Transcript - Doorstop - Ballina - Tuesday, 23 April 2019

SUBJECTS: Labor’s removal of the Carbon Farming Initiative Forestry Water Rule, Forestry industry in Australia.

PATRICK DEEGAN, CANDIDATE FOR PAGE: Okay, yes it’s fantastic to have Joel Fitzgibbon here on the Northern Rivers today to talk about a fantastic announcement for forestry, along with industry representatives. When I was first pre-selected and went out speaking to people in the community, there were two key issues that kept coming up-  that’s jobs for the Page electorate and protecting the environment. This announcement today ticks both of those boxes. It goes a long way towards protecting the environment and addressing carbon but also protecting the thousands of jobs and thousands of workers who work in the industry in this electorate but I’ll hand over now to Joel to speak a little more in detail.

 JOEL FITZGIBBON, SHADOW MINISTER FOR AGRICULTURE, FISHERIES AND FORESTRY AND SHADOW MINISTER FOR RURAL AND REGIONAL AUSTRALIA: Thanks very much Patrick, this certainly is an announcement about the environment and about jobs. The timber industry and associated products employ about 3,000 people in the Page electorate and tens of thousands of people across New South Wales and I’m really pleased to have with us today Andrew Herford from Herford Forest. Of course he is a fourth generation saw miller, a person who has a long-standing involvement in the industry, and Ross Hampton from the Australian Forest Products Association. I’m pleased that they are supporting this announcement today.
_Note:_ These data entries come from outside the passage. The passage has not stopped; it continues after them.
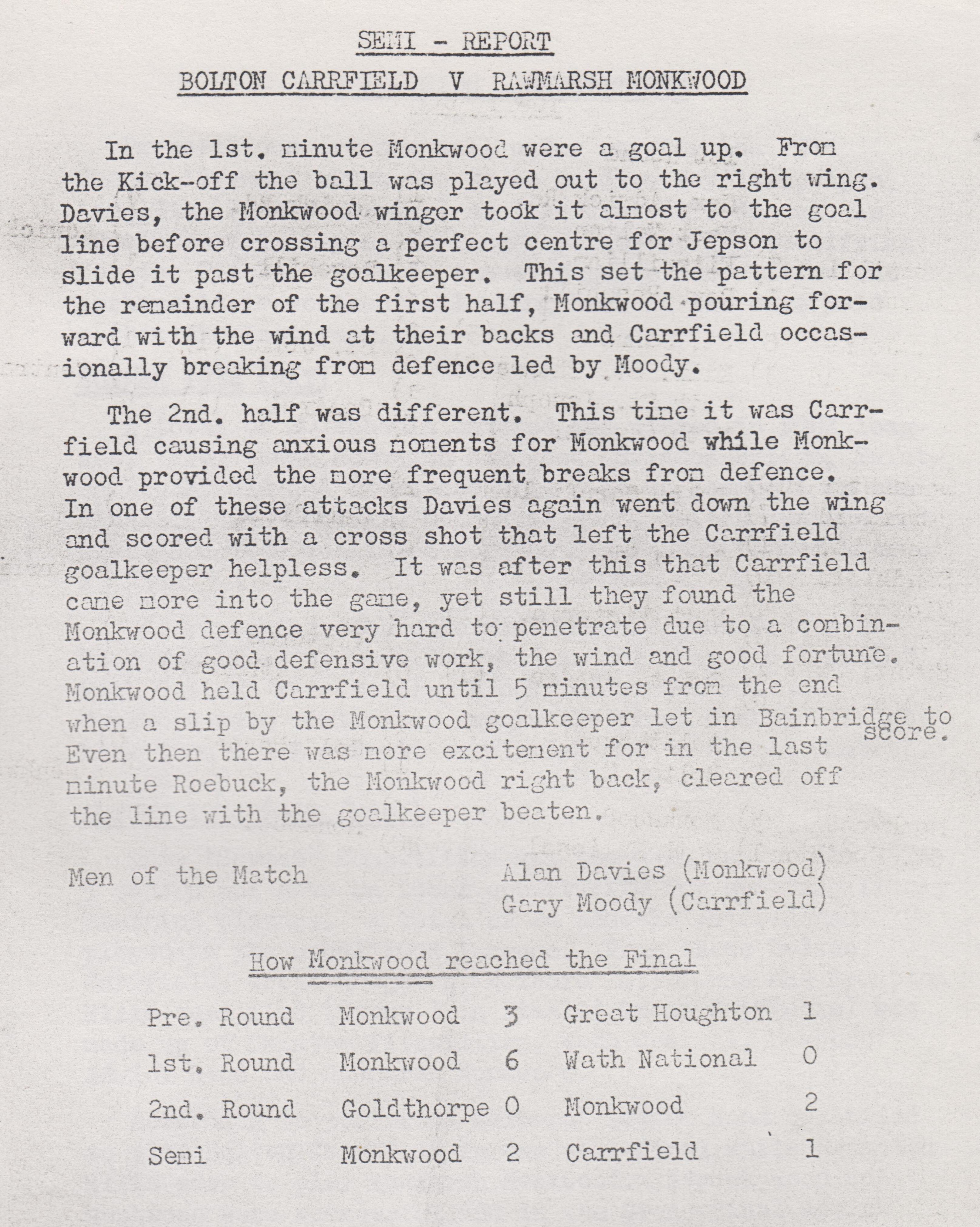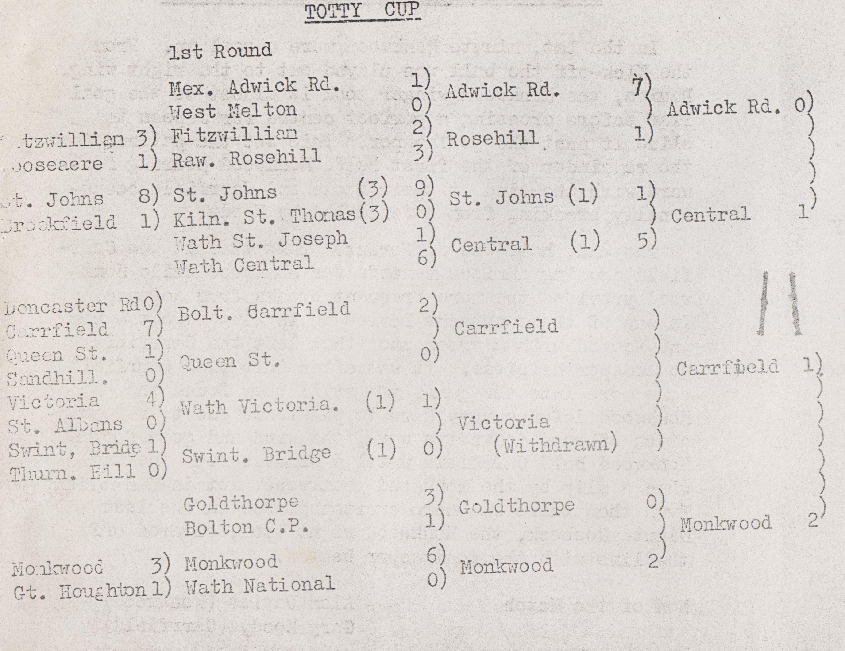 Jeremy Powell : “I remember playing in the final of the Totty Cup for Rawmarsh Monkwood Junior School in 1975 and 1976. We lost the first final, our only defeat that season. – not sure who we lost to! All the finals were at the LNER ground.”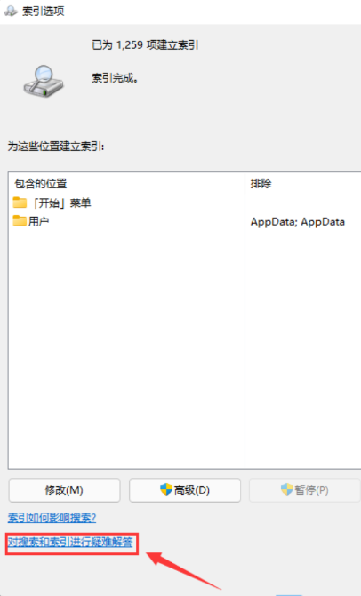 4、索引选项窗口,点击底部的【对搜索和索引进行疑难解答】;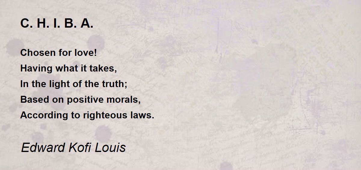Chosen for love! Having what it takes, In the light of the truth; Based on positive morals, According to righteous laws.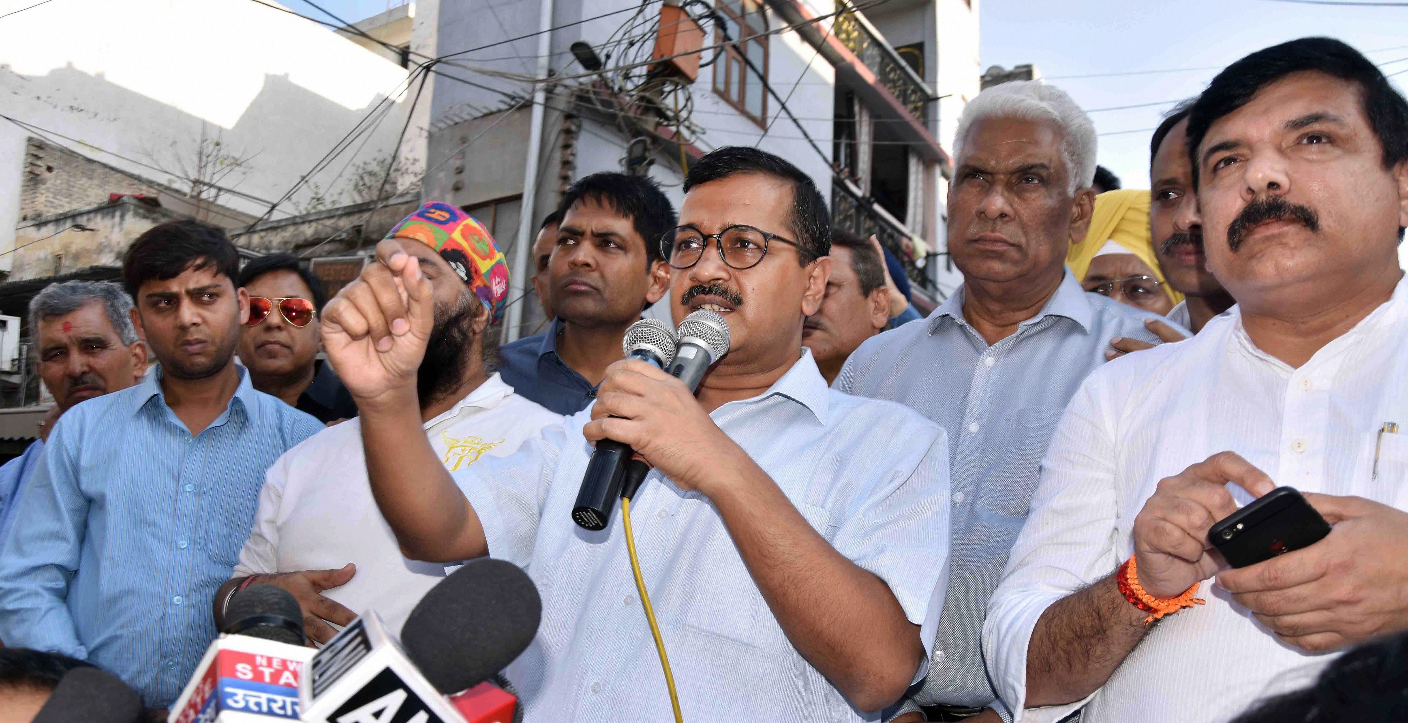 Delhi Chief Minister Arvind Kejriwal addresses a public meeting amid a protest by a group of people over ongoing sealing drive, at Amar Colony Market in New Delhi. (Source: PTI)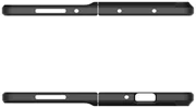 Die leicht erhabene Form des Gehäuses um die Kamera und den Bildschirm schützt es vor Kratzern, indem das Telefon knapp über der ebenen Oberfläche schwebt. Es hat Tastenabdeckungen und Ausschnitte für Anschlüsse.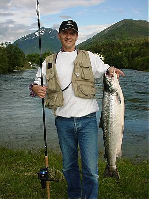I kveldinga var det fast fisk igjen. Mon tro om han ville miste den også? Duellen ble ulidelig spennende, men etter 20 minutter, sto han utpumpet, men lykkelig over en 9 kilos-laks i gresset.

To reach our ambitions on carbon emissions we need to both leave more trees in the ground and plant more trees. To maintain and create more jobs here in Page we need to plant more trees. Now, demand for our forest products is on the rise and we have new high-tech products coming in supply but we don’t have enough trees in the ground to keep those jobs going and to keep that manufacturing industry alive and well. What we need is investors investing in plantations, both in plantation estates and on farms. That of course will give our farmers additional revenue, diversifying their incomes and of course building resilience to drought when they do so. The problem is no where near enough people are planting trees because the barriers to investment are too high. We can change that by getting rid of this ridiculous water rule, a rule that says you can only secure carbon credits or carbon income for storing all that carbon by planting a tree if you are in a very low rainfall area. That means you can’t do it anywhere here in Page and expect to get a carbon credit out of the carbon economy.
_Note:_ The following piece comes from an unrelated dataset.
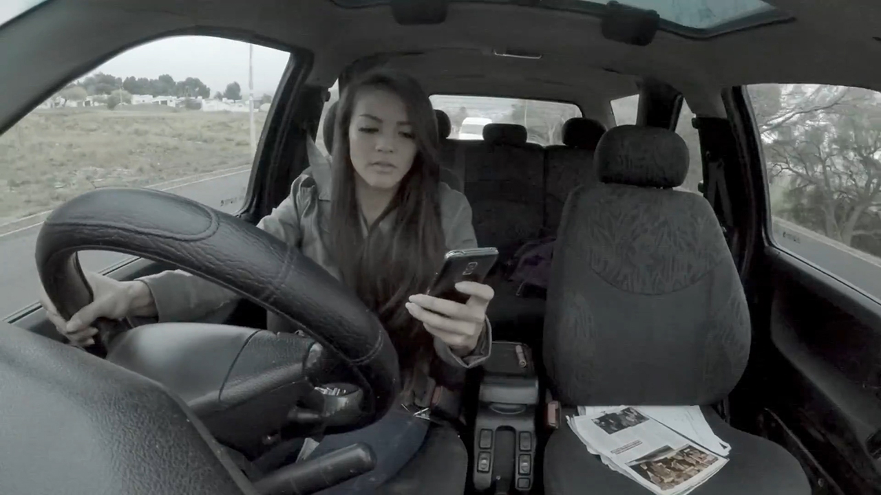Then it asks viewers, “You can’t even text and walk, so why do you text and drive?” as it depicts a young driver checking her phone before getting T-boned and knocked unconscious.
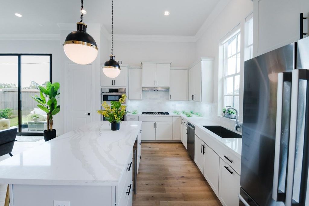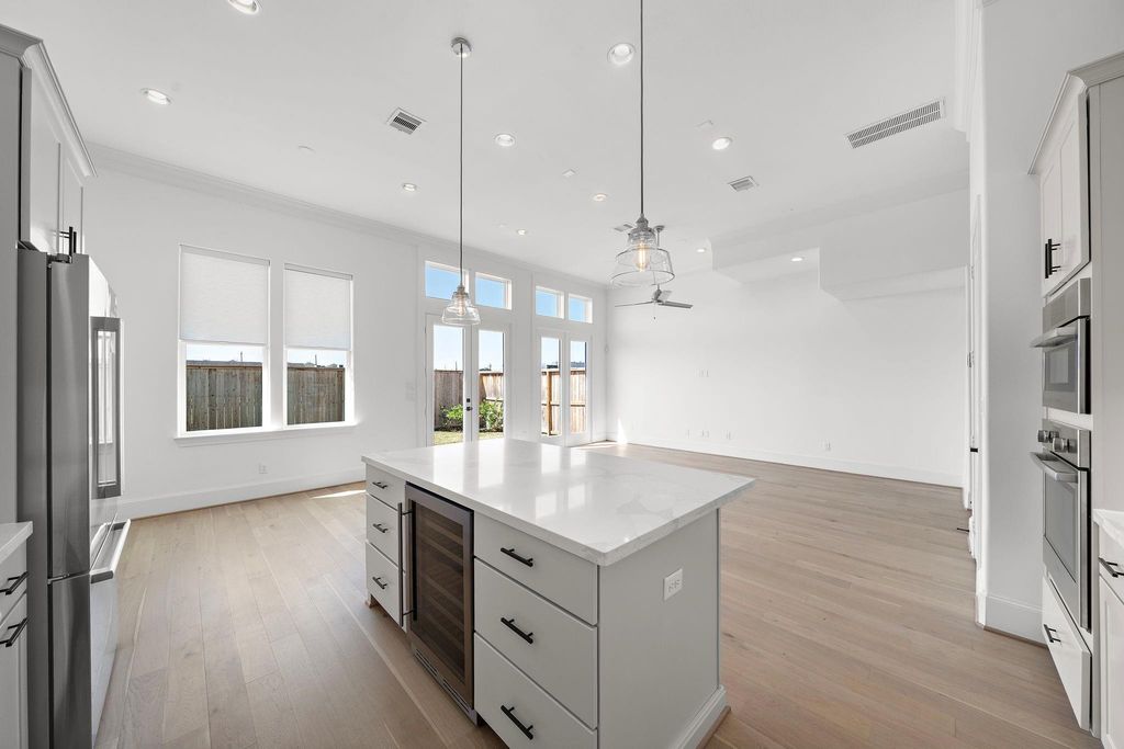 Beautiful, brand new FOUR BEDROOM home with a huge game room/rooftop terrace and spacious private fenced backyard (18ftx32ft)! FIRST FLOOR LIVING home nestled in the gated community of Timbergrove Green with fantastic location in the loop. Enjoy soaring 12ft ceilings in your living area with epic 10ft glass sliding trifold doors leading from your spacious living room to backyard with luxurious high end crown moulding and high baseboards. Chef's kitchen features SS Bosch appliances, furniture grade high quality cabinets, real white marble backsplash, and quartz countertops. Elevator capable. Primary 5 star spa-like bath is has tons of natural light and elegant freestanding tub. Epic, huge game room on the third floor with spacious covered rooftop terrace for outdoor entertaining. Walkable to Jaycee Park and zoned to 5 star A rated Sinclair Elementary!

A Labor Government will get rid of the so-called water rule and we will do it as quickly as we possibly can because that restriction on investors investing in plantations and on farm is holding both investment and jobs back. It makes no sense to say you can only plant trees where they can’t grow. It makes no sense whatsoever. What a Labor Government will do is allow investors to invest in areas where trees grow well and of course where farmers and investors can get a carbon credit for the work they do. Now we know that the government ministers, the key government minsters agree with the Labor Party. We know that they think this water rule should go. In fact the junior minister, Richard Colbeck wrote to the Environment Minister in February appealing to her to remove the water rule. But alas, the government has done nothing and seems determined not to do anything. So my message today is to Kevin Hogan.  Kevin you had tried to establish yourself as an independent thinker. You need to pick the phone up today to the Prime Minister and tell him that jobs are going to be lost and we’re certainly not going to grow jobs in Page if you’re not prepared to do the right thing both for the environment and for the workforce here and remove this silly restriction on where we can plant trees and also receive carbon income as a result. So, it’s pretty easy Kevin, pick up the phone to the Prime Minister and say we should be backing the Labor Party, this should be bipartisan, this makes sense, let’s create jobs here in Page by removing the water rule. I think Ross might want to say something.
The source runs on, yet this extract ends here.